Plasma Exchange

I’ve just been reading about Plasma Exchange. The blood cells & plasma are separated as MS patients plasma contains unusually high levels of antibodies & proinflammatory factors.

All through my MS life I been offered steroids to reduce the time that a relapse might take to finish, each time I’ve had absolutely no benefit from them. I’ve tried intravenous twice & oral three times & injection once, but they’ve never helped, I know lots of people do get relief from them & always felt disappointed that I didn’t. I’ve now found out that Plasma Exchange can be used if somebody isn’t helped by steroids!

I no longer have relapses, just a gradual worsening of my symptoms, so PE would be of no help to me now…but I wish that I’d known, & maybe been offered, PE all those years ago.

What does everyone think about it? Am I the only one that didn’t know?

Rosina x

l know that Guillain-Barre syndrome is treated with plasma exchange. l met a couple of people with this - and l thought they had MS - it presents very similar. ln fact l do wonder if many of us have been checked out for this. A firm diagnosis of MS - seems to take much longer now - leaving people in limbo for several years.
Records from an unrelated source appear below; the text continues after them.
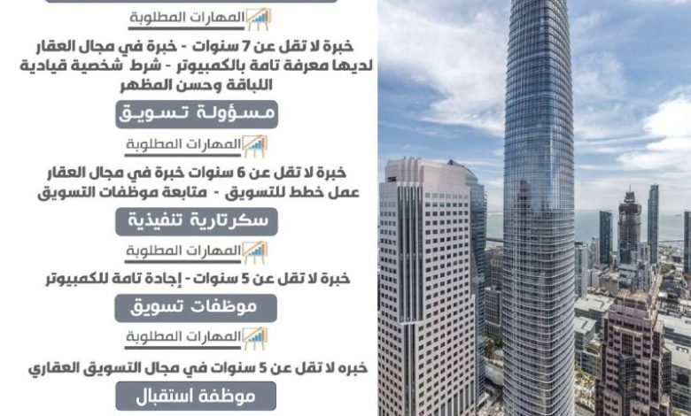 أكمل القراءة »ننشر لكم متابعينا اعلان شركة عقارية في الكويت من خلال بوابة التوظيف عبر موقعها الرسمي عن وظائف للرجال والنساء وننشر…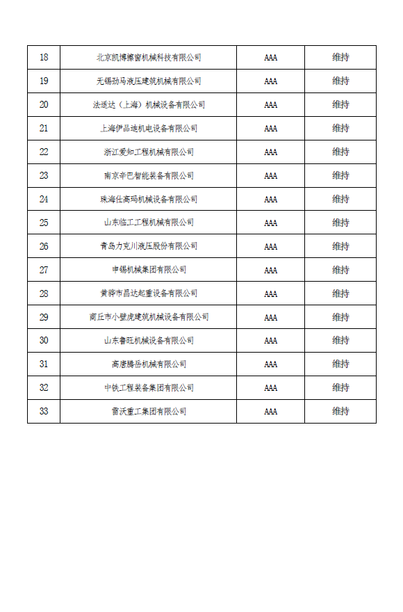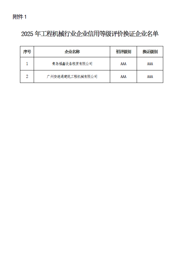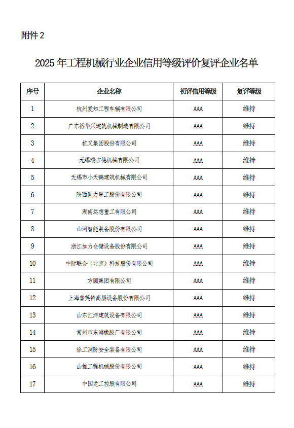 关于工程机械行业企业信用等级评价2025年度换证和复审结果的公示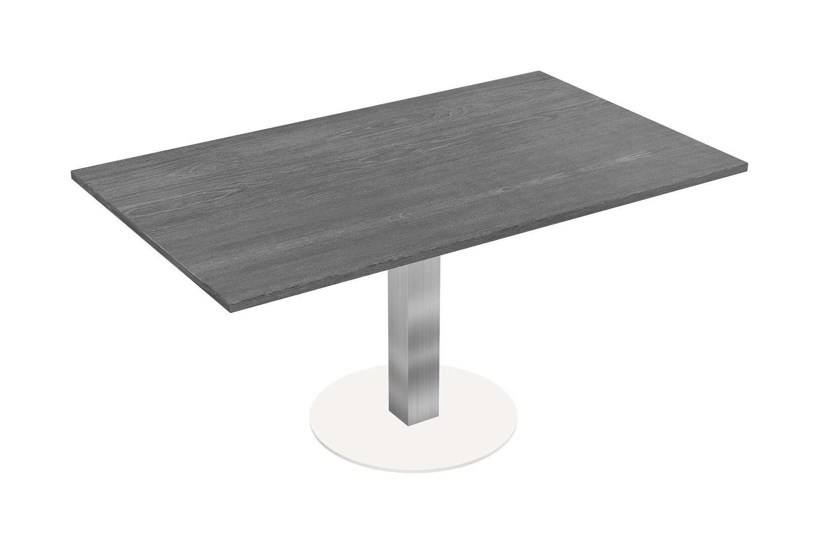 Table Modulaire Pour Bureau, Restaurant, Cafétéria, Salle De Pause Et Service De Restauration, Avec Plateau Gris, Pieds Carrés Chromés Et Base Ronde Blanche

lf l was knew to this - then l would like to have tried having a plasma exchange - it is for RRMS. So perhaps works better for newbies.

never heard of it but it is interesting.

i am rrms (by the skin of my teeth) but will have to ponder this a while before asking for it.

carole x

I had plasma exchange last year for a severe relapse that had left me unable to walk, unable to pass any urine and a painful and useless left arm. I cannot have steroid treatment anymore as I have become dangerously allergic to it.
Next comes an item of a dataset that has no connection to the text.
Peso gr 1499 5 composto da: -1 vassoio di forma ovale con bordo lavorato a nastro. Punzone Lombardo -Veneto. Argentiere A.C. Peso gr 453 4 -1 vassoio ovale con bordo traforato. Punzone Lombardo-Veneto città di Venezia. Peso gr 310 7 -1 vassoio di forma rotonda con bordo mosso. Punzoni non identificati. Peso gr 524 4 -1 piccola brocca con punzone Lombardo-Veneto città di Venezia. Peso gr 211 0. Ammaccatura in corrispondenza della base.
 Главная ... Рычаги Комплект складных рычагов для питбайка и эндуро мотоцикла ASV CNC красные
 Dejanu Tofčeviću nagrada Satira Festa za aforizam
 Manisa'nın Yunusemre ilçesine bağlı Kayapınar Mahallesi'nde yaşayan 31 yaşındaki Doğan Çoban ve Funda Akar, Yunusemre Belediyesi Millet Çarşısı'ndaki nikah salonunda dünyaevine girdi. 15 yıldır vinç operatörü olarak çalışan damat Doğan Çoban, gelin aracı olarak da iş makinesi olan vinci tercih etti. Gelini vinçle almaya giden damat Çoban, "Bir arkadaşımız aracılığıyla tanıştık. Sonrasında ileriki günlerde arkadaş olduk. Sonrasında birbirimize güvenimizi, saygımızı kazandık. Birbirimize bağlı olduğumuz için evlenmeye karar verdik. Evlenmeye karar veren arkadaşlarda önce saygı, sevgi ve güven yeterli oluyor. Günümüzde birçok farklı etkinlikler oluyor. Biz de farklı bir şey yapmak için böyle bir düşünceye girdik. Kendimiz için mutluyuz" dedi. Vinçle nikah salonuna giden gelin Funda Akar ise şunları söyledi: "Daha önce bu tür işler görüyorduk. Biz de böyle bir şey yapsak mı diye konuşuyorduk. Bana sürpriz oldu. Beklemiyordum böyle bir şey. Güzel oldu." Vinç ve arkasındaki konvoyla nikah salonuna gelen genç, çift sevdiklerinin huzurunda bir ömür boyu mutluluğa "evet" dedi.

I was admitted to my regional hospital (70 miles from home) to have plasma exchange as my local hospital does not carry out the treatment. I was in hospital for two weeks in total. The plasma exchange itself took place over five days and before I could start the treatment I had to have a central line inserted into the large vein near my neck. The treatment itself involved my blood taken out through the central line into a machine that separated out my plasma, replaced it with donor plasma and then returned it back to me. This was repeated over five days after which I started to show some recovery from my relapse symptoms.

As you can see, the treatment is a lot more complicated compared to steroid treatment and I found it quite an endurance test. It is also a lot more expensive compared to steroid treatment. I hope I don’t need to have the treatment again - I have just started gilenya as I was relapsing too often on both rebif and copaxone.